Bit their test scores are high.
You don’t know enough about these schools, especially to make such a barbed judgement as they are preparing these “poor children” to work an assembly line. Go visit. Then, evaluate.
I am perpetually fascinated by this response: “You need to visit the school to really know what’s happening there.”
In my opinion, “visits” have led to many politicians and pundits having a false impression of what actually happens in a school. “Visits” are often artificially constructed tours that have as much to do with the life of a school as a carriage ride around Central Park has to do with life in Harlem.

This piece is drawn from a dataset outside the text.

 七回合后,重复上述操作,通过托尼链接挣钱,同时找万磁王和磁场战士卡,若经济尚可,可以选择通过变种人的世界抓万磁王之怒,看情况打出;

You don’t always need to set foot in a school to know what’s going on. Sometimes, it only gets in the way.
All props, Jersey Jazzman. Keep on testifyin’.
🙂
As someone who worked at an elementary and high school, visitations by “important people” [e.g., city dignitaries, media folks, school board members] gave the visitors about as much relevant and reliable information as people got during the tours of “Potemkin” villages in Russian during the Soviet era.

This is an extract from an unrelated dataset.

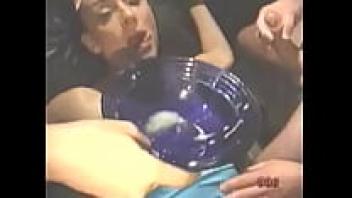 A huge blowgang young lady gets bukkake cum over her face and deepthorat.
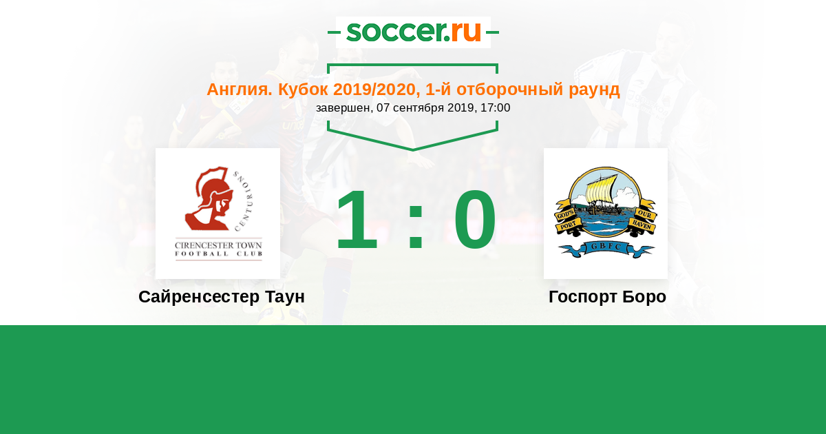 Сайренсестер Таун - Госпорт Боро: обзор матча 7 сентября 2019

As a few of the kids I worked with would have said: “let’s keep it real.” So in the interests of a reality-based approach, how about “You need to work in a school to really know what’s happening there.” And yes, that means both staff and students.
Any school that achieves gains by weeding out large portions of it’s population is not a public school and should not be given public money period. Any school that does not offer a vast array of classes, and only offers test prep should be closed.
Yes, we do know enough. There’s no art or music, and kids spend 2 hours a day in front of a computer. Is this the kind of education you would want for your children? ‘Nuff said.
I am a teacher. I know about child development and I know what young children need. Art and music classes should be mandatory. Two hours sitting in front of a computer is not developmentally appropriate. If it looks like manure and smells like manure, I do not need to taste it to know that it is, in fact, manure.
The above post was in response to Wallace, but ended up in the wrong section. Sorry.
You must have your bureaucrats. After all, it is for money.
Interesting contrasts with Muskegon Heights, MI and Mosiaca. Perhaps bare bones is better than nothing.
Are those the only two choices? Why?
John Danner has taught for 3 years, 1 more year that TFA CMs. With those qualifications who couldn’t open mass Rocketship schools? The only thing is that he is mass producing the children’s education in their assembly line of computer drudgery.
We watch with nervous anticipation as they invade the Milwaukee market. The City already approved three and they expect 8 in Milwaukee. It is our understanding that the one’s in San Diego lost about a quarter of their students over the period that they were showing academic growth. It appears that shed themselves of more difficult students. Moreover, after two years, they are supposed to send $500,000 per year per school back to the parent company
And look at who is investing in Rocketship and why:
Silicon Valley leaders invest over $3M in Rocketship Education
“What do Facebook COO Sheryl Sandberg, Skype CFO Jonathan Chadwick, Benchmark Capital general partner Bill Gurley and Netflix CEO Reed Hastings have in common, besides the filthy rich tech rockstar thing?
They’re among a dozen or so Silicon Valley personalities who’ve put money into Rocketship Education this year. Rocketship is a network of “hybrid” charter schools that put kids in front of computers for a large amount of the school day. Many in the education industry hope Rocketship’s model will prove Silicon Valley can disrupt (and make money in) the k-12 school system.”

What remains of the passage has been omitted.